Gluten-Free Chocolate Chip Cookies: A Flaky, Rich Treat You’ll Crave

Gluten-Free Chocolate Chip Cookies blend chewy centers with crisp edges, using a mix of almond and gluten-free flour to recreate the classic texture gluten-free bakers crave. No butter or egg substitutions are needed—this recipe honors the original while ensuring gluten remains strictly absent from every bite.

| Prep Time | 25 minutes |
|---|---|
| Cook Time | 12 minutes |
| Total Time | 37 minutes (plus 30-minute rest) |
| Servings | 24 cookies |
| Difficulty | Medium |
| Cuisine | American |
Why This Recipe Works
First, the combination of gluten-free and almond flour creates the right dough consistency. Gluten-free flours absorb more liquid, while almond flour adds richness. Second, browning the butter infuses a nutty depth that gluten-free cookies often lack. Finally, the resting period allows the flour to fully hydrate and the chocolate chips to distribute evenly, preventing clumps in the final bake.
Baking the dough just past the golden stage balances crunch and chew. The sea salt finish elevates the sweetness, and the room-temperature resting time ensures even spreading without overexpansion. Every component—flour type, fat content, and sugar ratio—works in harmony.
The almond flour also acts as a tenderizer, counteracting the potential crumbliness of gluten-free mixes. By whisking dry and wet ingredients separately before combining, I ensure a smooth base. This step avoids lumps, which can lead to uneven baking and dry patches.
Essential Ingredients
| Ingredient | Quantity | Notes & Substitutions |
|---|---|---|
| Gluten-free flour | 1 1/3 cups | Use a 1:1 baking blend like Bob’s Red Mill. No xanthan gum needed if blend includes it. |
| Almond flour | 1/4 cup | Can substitute with oats (2 tbsp ground) or another nut flour. Use finely milled for texture. |
| Baking soda | 1 tsp | Critical for lift. Skip for denser cookies. |
| Sea salt | 1/2 tsp + for sprinkling | Adjust quantity if using heavily salted vanilla. |
| Brown butter | 1/2 cup | Can substitute with coconut oil, but nuttiness is lost. |
| Chocolate chips | 1 cup | Use semi-sweet, milk, or dark based on preference. Gluten-free brands preferred. |
Step-by-Step Instructions
Prepare Dry Ingredients
- Whisk gluten-free flour, almond flour, baking soda, and salt in a medium bowl.
- Set bowl aside but keep nearby for efficient mixing.
Make Brown Butter Base
- Melt butter in a nonstick skillet over medium-low heat, stirring occasionally.
- Once bubbly and golden, remove immediately. Overcooking burns the milk solids.
Combine Wet and Dry Mix
- Pour butter into a heatproof bowl. Add milk, brown sugar, and granulated sugar. Whisk until smooth.
- Beat in egg and vanilla until fully emulsified. Use a spatula to mix in dry ingredients. Fold in chocolate chips.
Rest and Bake
- Cover dough and rest at room temperature for 30 minutes, or refrigerate up to 5 days for stronger structure.
- Preheat oven to 350°F. Portion 2Tbsp balls, space 2” apart on parchment-lined sheets.
- Bake 12 minutes. Remove when edges are golden but centers look slightly underbaked.
- Cool 5 minutes on sheets before transferring to racks. Sprinkle with flaky salt pre-transfer.
Pro Tips for Success
- Always use melted butter at room temperature for smooth blending.

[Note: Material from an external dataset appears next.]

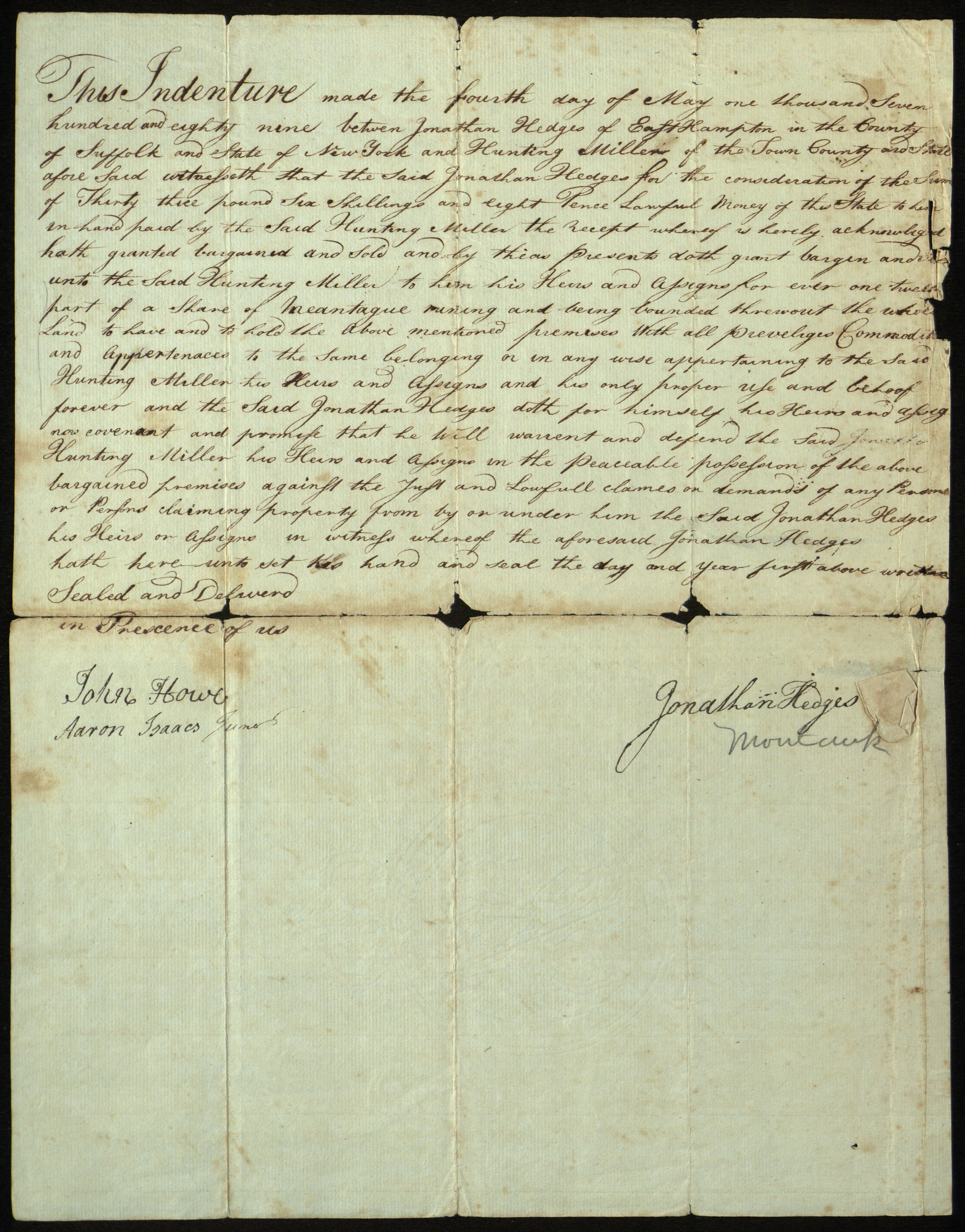 Deed for land located in Montauk, N.Y., May 4, 1789.

Cold butter resists emulsification.
- Measure gluten-free flour precisely using spoon-and-level method. Scooping compresses the flour.
- Refrigerate dough at least 1 hour for thicker cookies with minimal spread.
- Rotate baking sheets halfway through cooking for even browning if using non-convection ovens.
- Monitor first batch closely—gluten-free doughs bake faster than traditional versions.
Common Pitfalls to Avoid
- Mistake: Skipping the rest period. Why: Unrested dough spreads excessively. Fix: Refrigerate at least 1 hour before baking.
- Mistake: Overbrowning butter. Why: Scorched milk solids create bitter cookies. Fix: Work quickly and watch closely—foam turns amber in seconds.
- Mistake: Overmixing dough after adding dry ingredients. Why: Activates gluten-free starches, creating a gummy texture. Fix: Mix just until combined.
- Mistake: Using non-nutty butter. Why: Standard softened butter lacks depth. Fix: Always brown butter for maximum flavor.
Variations and Dietary Adjustments
| Modification | Substitution | Flavor Impact |
|---|---|---|
| Gluten-free vegan | Use plant-based milk, dairy-free butter, and flax egg. | Slight reduction in richness, but nuttiness remains prominent. |
| Low-sugar | Reduce brown sugar by 1/4 cup, add 1 tbsp cinnamon. | Faintly spiced cookies with reduced sweetness but enhanced chew. |
| Nut-free | Replace almond flour with 1/4 cup cornstarch + 2 tbsp coconut flour. | Lighter texture with a subtle graininess. Best refrigerated for structure. |
| Dairy-free | Use olive oil instead of butter and coconut milk for liquid. | Smokier olive flavor emerges. Adjust baking time by 2-3 minutes. |
Best Side Dishes and Pairings
| Milk & Honey Latte | Melt-in-your-mouth contrast with coffee bitterness. | Vanilla Gelato | Classic pairing—warm cookie with cold dairy amplifies creaminess. |
| Fresh Raspberry Compote | Tangy berries cut through richness. Add 1 tbsp per serving. | Chai Tea | Spiced tea complements nutty butter depth. |
Storage and Food Safety
| Method | Shelf Life | Reheating Instructions |
|---|---|---|
| Room temperature | 3 days | Store in airtight container. Microwave 10-15 seconds for softness. |
| Refrigerated | 1 week | Reheat in oven at 325°F for 5-7 minutes to restore crispness. |
| Frozen (unbaked dough) | 3 months | Bake directly from frozen—add 2 extra minutes per batch. |
Nutritional Breakdown
| Nutrient | Amount |
|---|---|
| Calories | 145 kcal |
| Protein | 2 g |
| Fat | 8 g |
| Carbohydrates | 17 g |
Frequently Asked Questions
Can this recipe be made vegan?
Yes. Use dairy-free butter and substitute the egg with a flax egg (1 tbsp ground flax + 3 tbsp water).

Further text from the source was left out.